Photography for Shadi is as symbolic as it is real. So much so, that when the urge to surface the reality, which has been brushed aside for so long, becomes irresistible, the symbols become the voice that speaks on behalf of reality so silenced. It is when the language of reality becomes too hard to gather, that the symbols become the mouthpiece of one’s truth.
In Miss Butterfly, we see the frames depicting meanings that are drawn not from the referrant herself, but from the space in which the referrant is placed. In addition to this, the interplay or engagement created between the referrant and the object (in this case, the web) alienates both the referrant and the engaged object from their own meanings and reduces them to become mere symbols of a political message.
Miss Butterfly was inspired by renowned Iranian playwright Bijan Mofid’s piece about a butterfly’s ill-fated pursuit to encourage her fellow insects to escape captivity of a spider’s web and go see the sun again. In each of the images from the collection, women are shown weaving or unravelling webs attached to the frames of light (an exit). They seemed at turns overpowered by the narrow staircases and rooms or dwarfed by the stately homes in which they are placed (Nagree : 2006). More than anything, it is the overpowering darkness that reflects the most upon the reality of the lives of these women.
Shot in black and white, the women in these frames are symbols of multiplicity of layered meanings. One such layer is the public-private divide in the lives of Iranian women. The images show women wearing the headscarves even in the private space within a domestic setting. Some critics argued that the same was deliberately done by Shadi to comply with the guidelines of the state censor board. One might not see this distinction as relevant within the religious context but the same does come across as a constructed meaning from the direct reading of the photographs.
Unlike the meaning usually associated with photography theorists, the pictures in Miss Butterfly are much alienated from the actual reality of the referrant. Such alienation is much evident in the poetic construction of the frame where the object which symbolises captivity is enlarged from its usual/normal size. Moreover, the careful selection of space and source of light, also work towards alienating the referrant (women) from their actual historical context; hence reducing them to mere symbols of general understanding of oppression. One may say, Shadi Ghadirian in Miss Butterfly, becomes the author of the photograph; metamorphosing the reality into well construed ideology and representing the same through intelligently placed symbols.
We can see this well thought of placement of incongruous objects to create meaning in her other acclaimed works such as Like Everyday (2000) and Nil Nil (2008) as well.
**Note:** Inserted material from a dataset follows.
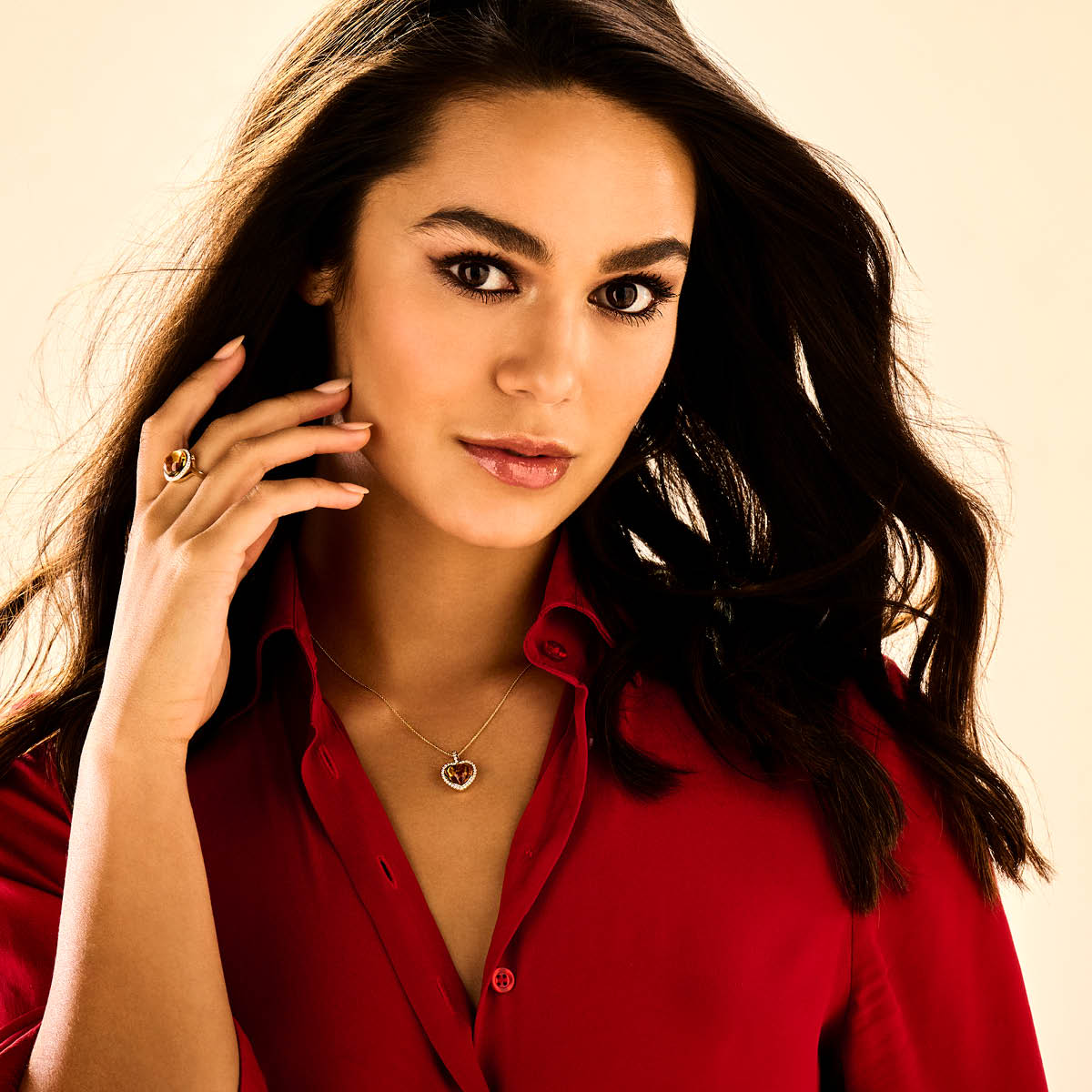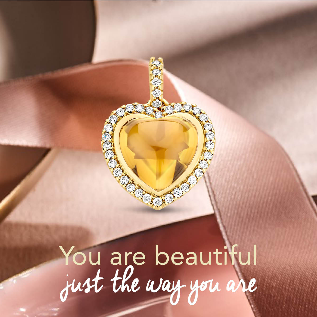 14k Geelgouden hanger in de vorm van hart met een schitterende diamant rij en een citrien. De hanger heeft een totale hoogte van 2.1cm.

In all of these works, the ideological motive becomes a vantage point from which objects (including humans) are seen through preconceived meaning.
It is through her well choreographed process, that Shadi Ghadirian imbues movement in stillness. Since the subject matter of her photograph is not the historical fact or abstracted reality but a political meaning, the pictures escape the socio-temporal existence and remain relevant till the political objective is achieved. Therefore, the referentiality and indexicality of Shadi Ghadirian’s photography is not reflective of the world represented in the photograph but of the world ‘out-there’; that is, the world outside the photograph but yet so near.
This subject matter, however, runs contrary to the classical understanding of photography which considered a photograph to be stillness; so much so that some considered it to be a death. Christian Metz in his Photography and Fetish (1985) argues that photography operates as a figuration of death. Metz says ‘photography is an instantaneous abduction of the object out of the world into another world, into another kind of time… photography by virtue of its stillness ‘maintains the memory of dead as being dead.’ In common parlance, photography is compared with shooting; the camera becomes a gun.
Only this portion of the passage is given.